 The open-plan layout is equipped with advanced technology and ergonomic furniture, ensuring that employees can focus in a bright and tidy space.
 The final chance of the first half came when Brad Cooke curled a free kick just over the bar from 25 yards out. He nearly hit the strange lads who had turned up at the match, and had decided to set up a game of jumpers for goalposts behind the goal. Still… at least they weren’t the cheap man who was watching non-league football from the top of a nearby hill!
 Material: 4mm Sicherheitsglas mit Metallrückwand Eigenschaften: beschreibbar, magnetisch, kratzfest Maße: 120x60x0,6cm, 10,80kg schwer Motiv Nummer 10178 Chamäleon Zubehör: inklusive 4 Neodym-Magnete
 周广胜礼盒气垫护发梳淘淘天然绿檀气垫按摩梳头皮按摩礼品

+===+

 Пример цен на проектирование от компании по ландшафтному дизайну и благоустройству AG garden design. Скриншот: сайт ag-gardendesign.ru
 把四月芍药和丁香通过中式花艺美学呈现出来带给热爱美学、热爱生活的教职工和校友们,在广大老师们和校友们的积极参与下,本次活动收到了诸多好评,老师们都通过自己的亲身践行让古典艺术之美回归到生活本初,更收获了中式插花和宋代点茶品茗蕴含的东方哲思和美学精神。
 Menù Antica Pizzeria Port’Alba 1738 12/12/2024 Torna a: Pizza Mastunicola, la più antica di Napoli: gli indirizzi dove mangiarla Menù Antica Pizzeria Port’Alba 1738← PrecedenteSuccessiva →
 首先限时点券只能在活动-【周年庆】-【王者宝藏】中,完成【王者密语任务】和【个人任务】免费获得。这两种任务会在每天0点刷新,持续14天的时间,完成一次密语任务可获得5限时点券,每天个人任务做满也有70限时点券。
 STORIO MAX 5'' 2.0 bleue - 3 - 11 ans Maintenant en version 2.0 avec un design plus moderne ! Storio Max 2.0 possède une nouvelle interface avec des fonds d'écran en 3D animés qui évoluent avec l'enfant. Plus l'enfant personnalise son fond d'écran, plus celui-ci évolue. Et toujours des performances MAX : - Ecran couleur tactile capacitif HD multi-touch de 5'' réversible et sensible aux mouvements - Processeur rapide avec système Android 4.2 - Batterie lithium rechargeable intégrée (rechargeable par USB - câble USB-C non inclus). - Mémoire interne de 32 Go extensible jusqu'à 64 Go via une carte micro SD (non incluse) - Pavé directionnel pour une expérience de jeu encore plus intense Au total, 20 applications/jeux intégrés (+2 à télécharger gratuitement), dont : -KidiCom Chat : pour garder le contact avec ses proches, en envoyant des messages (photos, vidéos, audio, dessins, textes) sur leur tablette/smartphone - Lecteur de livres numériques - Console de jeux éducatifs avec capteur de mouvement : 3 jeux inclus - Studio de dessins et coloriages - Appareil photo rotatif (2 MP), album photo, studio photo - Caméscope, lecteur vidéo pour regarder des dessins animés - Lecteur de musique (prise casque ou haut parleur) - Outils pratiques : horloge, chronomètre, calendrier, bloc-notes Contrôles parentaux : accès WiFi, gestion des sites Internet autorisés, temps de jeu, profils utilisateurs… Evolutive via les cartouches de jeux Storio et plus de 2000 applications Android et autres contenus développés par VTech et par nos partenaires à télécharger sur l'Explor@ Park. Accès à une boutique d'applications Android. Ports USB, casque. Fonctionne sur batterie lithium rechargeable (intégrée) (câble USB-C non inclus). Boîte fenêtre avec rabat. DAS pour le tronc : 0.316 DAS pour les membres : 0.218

+===+

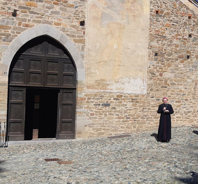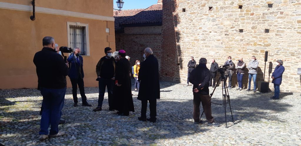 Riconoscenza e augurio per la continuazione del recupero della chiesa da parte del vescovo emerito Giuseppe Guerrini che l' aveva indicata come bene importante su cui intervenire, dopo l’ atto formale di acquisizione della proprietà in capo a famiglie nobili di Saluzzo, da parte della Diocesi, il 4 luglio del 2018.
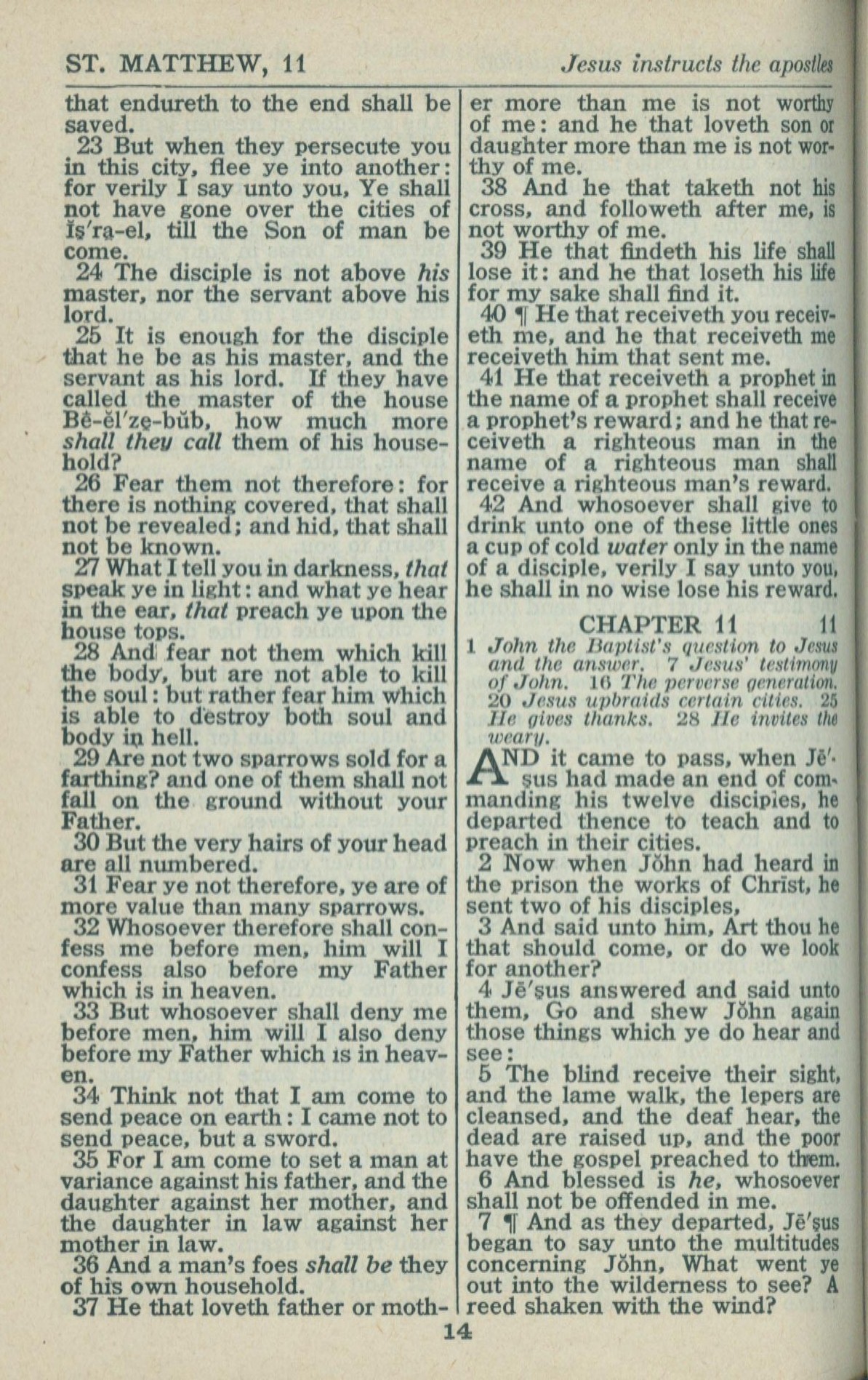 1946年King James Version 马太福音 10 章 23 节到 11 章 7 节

+===+

(TASK)
Copy out only the lines of the records above from the one with "The open-plan layout" through the one with "The final chance", exactly as they stand, both included.

(EXERCISE SOLUTION)
 The open-plan layout is equipped with advanced technology and ergonomic furniture, ensuring that employees can focus in a bright and tidy space.
 The final chance of the first half came when Brad Cooke curled a free kick just over the bar from 25 yards out. He nearly hit the strange lads who had turned up at the match, and had decided to set up a game of jumpers for goalposts behind the goal. Still… at least they weren’t the cheap man who was watching non-league football from the top of a nearby hill!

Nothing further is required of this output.